Problem description
Would you please repeat exactly the entries below, starting at the line with "在横梁上有两套横向拖板,横向" and ending at the line with "Brusná houba, podklad", and nothing outside that range? Leave out the pictures.

Available records
=== Begin Enclosure ===

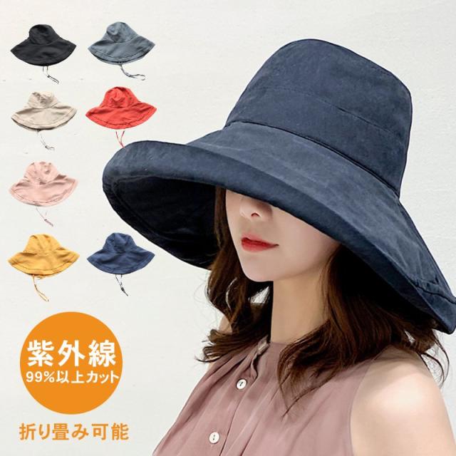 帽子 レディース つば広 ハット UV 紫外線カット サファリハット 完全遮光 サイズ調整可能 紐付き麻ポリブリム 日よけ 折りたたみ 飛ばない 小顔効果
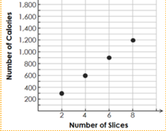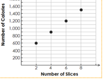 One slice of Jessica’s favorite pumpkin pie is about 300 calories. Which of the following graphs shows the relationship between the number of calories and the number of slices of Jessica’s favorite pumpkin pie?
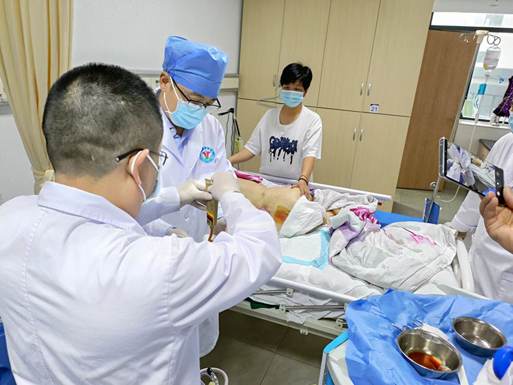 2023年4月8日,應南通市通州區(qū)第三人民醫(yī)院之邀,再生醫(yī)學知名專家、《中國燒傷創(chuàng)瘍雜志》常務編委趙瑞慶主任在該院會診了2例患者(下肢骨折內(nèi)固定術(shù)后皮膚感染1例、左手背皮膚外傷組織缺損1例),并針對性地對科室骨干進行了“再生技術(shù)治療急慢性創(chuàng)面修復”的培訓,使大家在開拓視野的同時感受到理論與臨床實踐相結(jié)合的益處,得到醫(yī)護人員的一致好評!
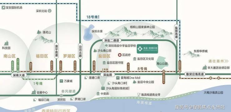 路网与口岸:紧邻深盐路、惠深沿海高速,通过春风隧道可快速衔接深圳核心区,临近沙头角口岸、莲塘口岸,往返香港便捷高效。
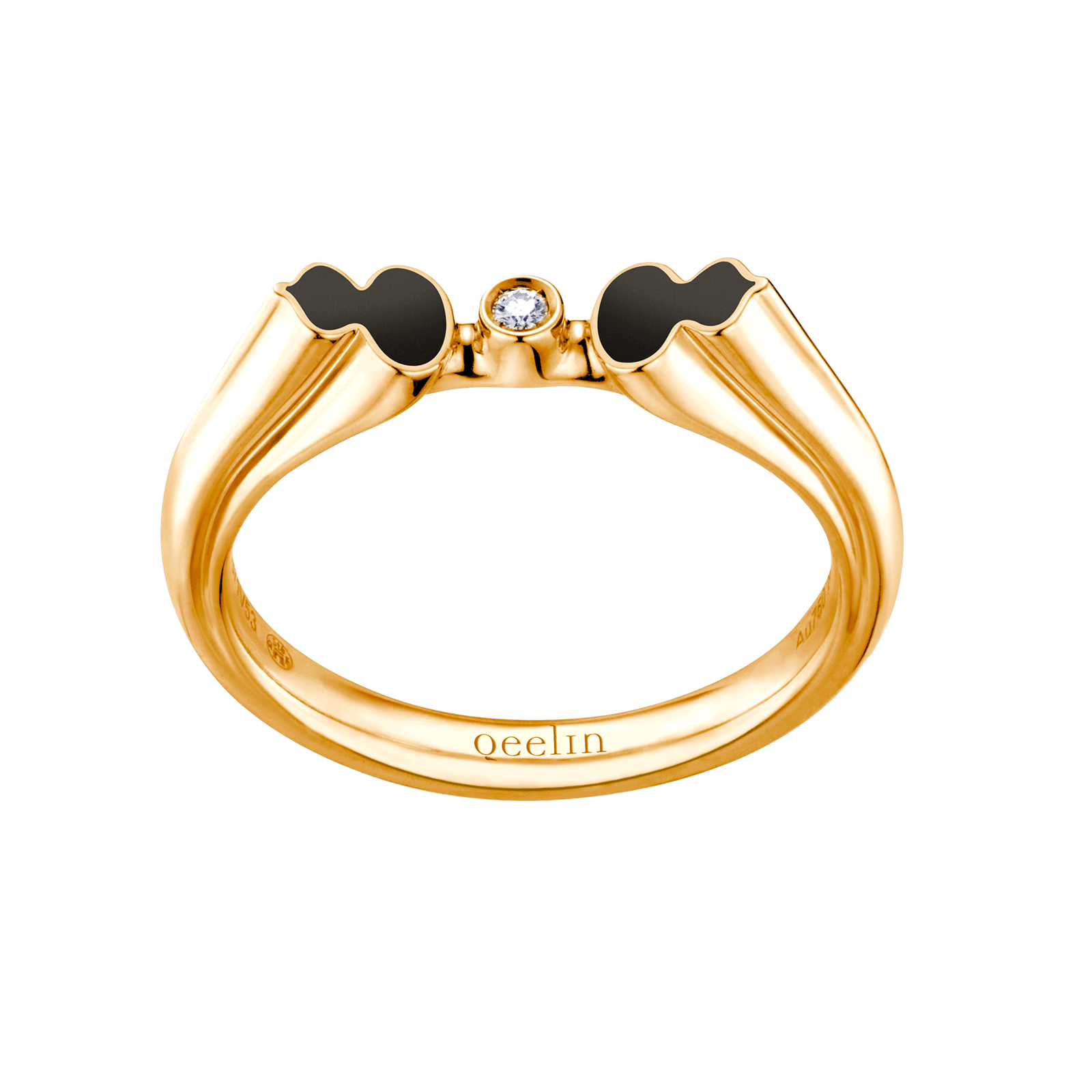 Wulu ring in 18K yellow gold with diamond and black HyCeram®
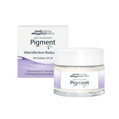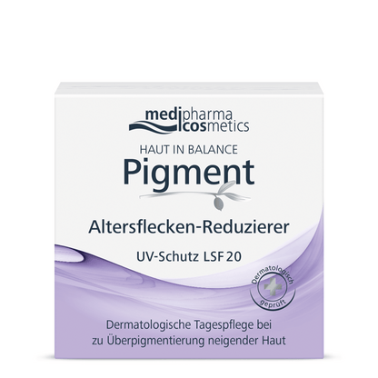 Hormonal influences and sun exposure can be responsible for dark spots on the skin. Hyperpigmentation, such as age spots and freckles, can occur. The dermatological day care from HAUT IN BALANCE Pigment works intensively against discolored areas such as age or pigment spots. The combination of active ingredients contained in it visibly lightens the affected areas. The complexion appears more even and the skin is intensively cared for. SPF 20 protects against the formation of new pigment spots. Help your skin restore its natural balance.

=== End Enclosure ===
=== Begin Enclosure ===

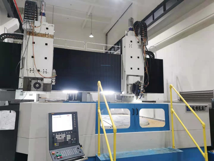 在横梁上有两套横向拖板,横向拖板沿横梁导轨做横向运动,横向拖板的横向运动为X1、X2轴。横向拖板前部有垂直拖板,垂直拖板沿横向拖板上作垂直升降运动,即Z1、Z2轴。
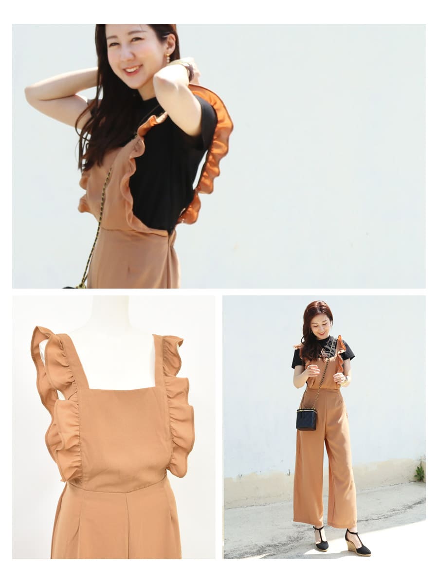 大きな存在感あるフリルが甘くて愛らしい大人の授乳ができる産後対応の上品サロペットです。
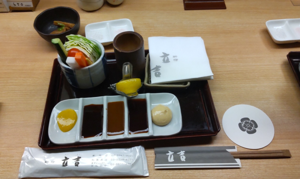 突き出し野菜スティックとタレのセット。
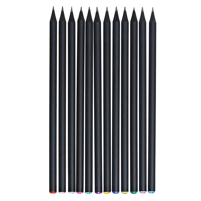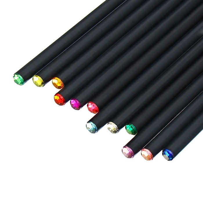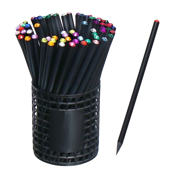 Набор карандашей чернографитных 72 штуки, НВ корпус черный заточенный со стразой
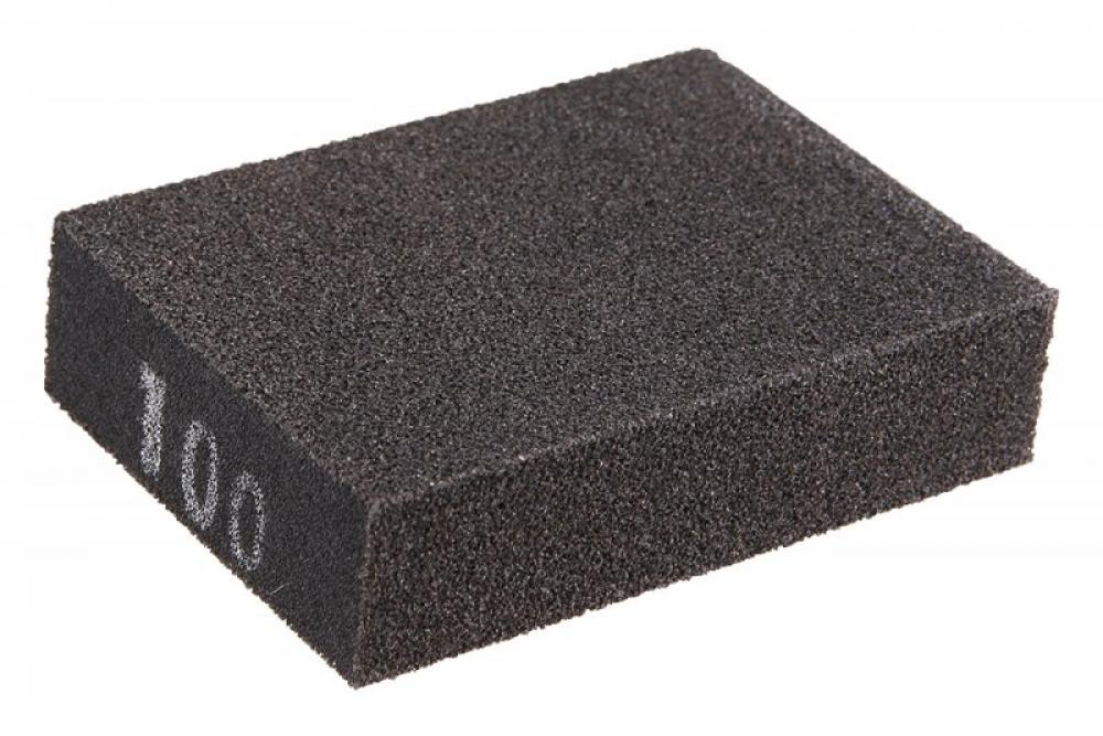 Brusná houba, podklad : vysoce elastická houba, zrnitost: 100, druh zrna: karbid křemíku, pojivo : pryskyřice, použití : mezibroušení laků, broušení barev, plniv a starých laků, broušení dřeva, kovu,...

=== End Enclosure ===
=== Begin Enclosure ===

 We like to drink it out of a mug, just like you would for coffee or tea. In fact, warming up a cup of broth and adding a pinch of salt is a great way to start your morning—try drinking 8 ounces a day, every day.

=== End Enclosure ===

Worked solution
 在横梁上有两套横向拖板,横向拖板沿横梁导轨做横向运动,横向拖板的横向运动为X1、X2轴。横向拖板前部有垂直拖板,垂直拖板沿横向拖板上作垂直升降运动,即Z1、Z2轴。
 大きな存在感あるフリルが甘くて愛らしい大人の授乳ができる産後対応の上品サロペットです。
 突き出し野菜スティックとタレのセット。
 Набор карандашей чернографитных 72 штуки, НВ корпус черный заточенный со стразой
 Brusná houba, podklad : vysoce elastická houba, zrnitost: 100, druh zrna: karbid křemíku, pojivo : pryskyřice, použití : mezibroušení laků, broušení barev, plniv a starých laků, broušení dřeva, kovu,...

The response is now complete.